AT: I don't remember as being scared, but, yeah, half maybe excited. But I didn't think, I wasn't scared at all. But there was a lady who was going to Oklahoma, and my uncle had talked to her and to the airline, so they sat me right next to her. Because, and from there, I was on my own, but it was twenty hours, I remember. Ten hours, we fueled in Wake island, and my uncle told me, "Okay, when you reach Wake, there's a bus there and you'll be taken to this place and you'll have breakfast there." So bus was like a tram was waiting there. And we went to, in fact, that Wake island, that's about the building I remember had in that whole island. [Laughs] So we had breakfast there and then got on, and then another ten hours to Hawaii. And yeah, when we reached Hawaii, I thought, oh, it was beautiful. Because all the leis that I got, and as you drive out of airport, you see all these lei huts just lined, standing next to each other. And had, every place was lighted, so I was so excited. I was asking Uncle, so he said that was the place that you, they sell the leis. And then when I went to my uncle's place, they had all these food. I guess now, I think about it, it was Japanese American food, but it was something very new to me like potato salad and all those things.

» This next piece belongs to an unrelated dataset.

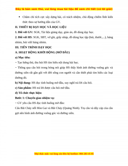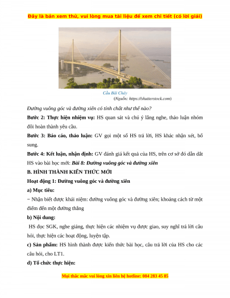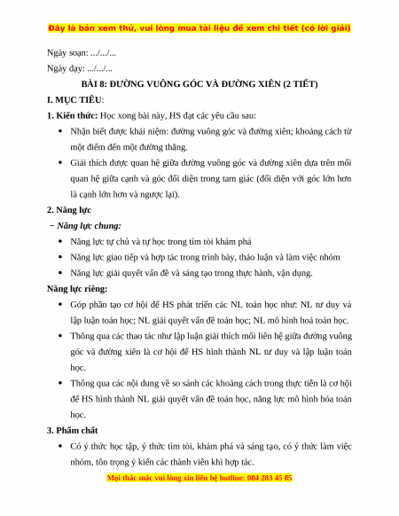 BÀI 8: ĐƯỜNG VUÔNG GÓC VÀ ĐƯỜNG XIÊN (2 TIẾT)

MN: So you stayed in Honolulu for one night before going to Kauai with your, to be with your Yabiku grandparents. Now, on Kauai, were there a lot of Okinawans in the community?

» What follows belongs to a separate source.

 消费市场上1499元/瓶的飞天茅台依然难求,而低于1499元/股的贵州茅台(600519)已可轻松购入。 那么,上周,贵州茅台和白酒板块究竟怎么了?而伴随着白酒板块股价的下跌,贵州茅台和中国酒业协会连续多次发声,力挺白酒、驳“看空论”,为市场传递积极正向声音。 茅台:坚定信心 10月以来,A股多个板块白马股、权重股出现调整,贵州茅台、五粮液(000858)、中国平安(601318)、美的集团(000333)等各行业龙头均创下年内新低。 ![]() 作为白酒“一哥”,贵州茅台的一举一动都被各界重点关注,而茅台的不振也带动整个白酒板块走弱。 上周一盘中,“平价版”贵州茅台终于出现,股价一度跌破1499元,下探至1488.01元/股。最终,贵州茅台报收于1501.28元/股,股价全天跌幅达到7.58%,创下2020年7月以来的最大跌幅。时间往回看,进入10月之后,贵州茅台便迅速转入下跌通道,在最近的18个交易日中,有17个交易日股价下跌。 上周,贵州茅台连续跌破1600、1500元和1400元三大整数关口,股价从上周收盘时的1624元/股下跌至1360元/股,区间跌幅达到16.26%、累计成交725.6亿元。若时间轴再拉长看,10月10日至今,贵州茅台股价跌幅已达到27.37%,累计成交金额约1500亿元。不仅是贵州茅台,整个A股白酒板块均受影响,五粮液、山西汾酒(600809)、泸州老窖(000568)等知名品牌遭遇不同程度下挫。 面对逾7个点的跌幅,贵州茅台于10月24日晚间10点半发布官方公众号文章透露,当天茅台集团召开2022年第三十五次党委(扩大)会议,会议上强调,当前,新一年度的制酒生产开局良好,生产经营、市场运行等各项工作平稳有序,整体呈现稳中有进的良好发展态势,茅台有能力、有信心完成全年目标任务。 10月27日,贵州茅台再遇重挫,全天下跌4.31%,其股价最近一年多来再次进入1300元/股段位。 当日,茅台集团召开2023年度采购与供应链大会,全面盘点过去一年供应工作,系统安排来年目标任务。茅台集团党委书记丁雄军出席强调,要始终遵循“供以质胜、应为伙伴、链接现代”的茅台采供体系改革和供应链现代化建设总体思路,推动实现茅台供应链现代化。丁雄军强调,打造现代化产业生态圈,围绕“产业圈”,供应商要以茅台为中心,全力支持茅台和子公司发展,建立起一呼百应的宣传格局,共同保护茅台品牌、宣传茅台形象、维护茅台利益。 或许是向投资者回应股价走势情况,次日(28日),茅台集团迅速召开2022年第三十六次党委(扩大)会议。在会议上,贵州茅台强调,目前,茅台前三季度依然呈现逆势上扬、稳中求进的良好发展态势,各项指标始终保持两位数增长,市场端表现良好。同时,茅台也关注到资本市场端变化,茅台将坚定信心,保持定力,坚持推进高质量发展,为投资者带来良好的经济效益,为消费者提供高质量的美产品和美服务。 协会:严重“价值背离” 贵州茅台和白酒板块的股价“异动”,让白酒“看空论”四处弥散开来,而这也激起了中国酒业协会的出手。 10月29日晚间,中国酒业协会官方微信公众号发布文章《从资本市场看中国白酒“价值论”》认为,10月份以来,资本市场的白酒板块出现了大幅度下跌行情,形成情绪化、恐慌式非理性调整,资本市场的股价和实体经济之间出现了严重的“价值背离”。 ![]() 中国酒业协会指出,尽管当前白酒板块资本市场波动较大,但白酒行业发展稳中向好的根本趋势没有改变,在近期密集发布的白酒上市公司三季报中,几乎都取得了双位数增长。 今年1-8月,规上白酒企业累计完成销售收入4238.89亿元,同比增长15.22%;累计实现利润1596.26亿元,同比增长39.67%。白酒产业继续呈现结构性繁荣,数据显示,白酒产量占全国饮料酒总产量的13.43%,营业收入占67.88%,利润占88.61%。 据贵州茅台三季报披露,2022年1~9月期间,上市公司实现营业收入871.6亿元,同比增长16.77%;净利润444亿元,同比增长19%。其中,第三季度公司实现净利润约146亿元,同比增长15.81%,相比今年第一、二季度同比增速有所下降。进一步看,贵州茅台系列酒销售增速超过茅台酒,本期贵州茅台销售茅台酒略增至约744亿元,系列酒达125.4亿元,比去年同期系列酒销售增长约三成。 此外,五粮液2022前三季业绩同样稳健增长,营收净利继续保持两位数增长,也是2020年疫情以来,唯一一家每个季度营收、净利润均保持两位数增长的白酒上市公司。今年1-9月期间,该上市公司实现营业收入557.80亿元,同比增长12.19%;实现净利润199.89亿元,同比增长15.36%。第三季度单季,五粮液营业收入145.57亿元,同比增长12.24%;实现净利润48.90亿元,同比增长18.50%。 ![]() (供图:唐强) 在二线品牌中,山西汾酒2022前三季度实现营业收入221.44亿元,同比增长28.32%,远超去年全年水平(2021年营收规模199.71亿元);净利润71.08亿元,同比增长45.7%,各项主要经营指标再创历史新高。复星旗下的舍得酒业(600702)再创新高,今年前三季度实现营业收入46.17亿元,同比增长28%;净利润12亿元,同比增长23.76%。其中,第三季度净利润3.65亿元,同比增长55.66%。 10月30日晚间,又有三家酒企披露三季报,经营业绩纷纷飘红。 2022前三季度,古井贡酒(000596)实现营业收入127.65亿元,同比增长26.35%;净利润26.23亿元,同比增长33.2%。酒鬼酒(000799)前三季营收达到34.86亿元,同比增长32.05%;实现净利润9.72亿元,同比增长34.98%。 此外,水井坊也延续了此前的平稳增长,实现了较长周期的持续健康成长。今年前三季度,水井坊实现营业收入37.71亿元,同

AT: Yes, I think so. Yeah, our neighbor, there were a few, but yes, they did, because while I was there, was that the time... it might have been there. I remember dancing at some Okinawa shimnenkai.

MN: But not at that time.

AT: It might have been at that time, yeah. So that... of course, I had just came in, my grandmother, father was excited that I knew dancing, so was, yeah, someplace that I danced just to show them. So maybe it wasn't shinnenkai, maybe it was just a family gathering there.

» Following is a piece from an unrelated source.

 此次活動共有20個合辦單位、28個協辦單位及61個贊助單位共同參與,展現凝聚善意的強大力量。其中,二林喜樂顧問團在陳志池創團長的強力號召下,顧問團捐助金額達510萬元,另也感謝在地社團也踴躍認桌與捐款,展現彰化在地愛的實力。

MN: What was the dominant prefecture?

AT: I would think it's Hiroshima. Because at school when I was going there, there were Japanese kids, I mean, knew that I was, I had just come from Japan, and they tried to speak to me little Japanese, and I couldn't really understand them. So I went home and I asked my aunt and she said, "Okay, this is what that means." So I said, "Why is it different?" She said because they were mostly Hiroshima dialect. So I think in Hawaii there's, lot of Japanese are from Hiroshima. Hiroshima was dominant.

MN: Now, when you were living in Kauai, what did you feel about having come to Kauai?

AT: Oh, they have electricity. [Laughs] The stove, you don't have to use the wood to cook, and you have a bath, you can take a bath every day. Those daily, just routine was very special to me.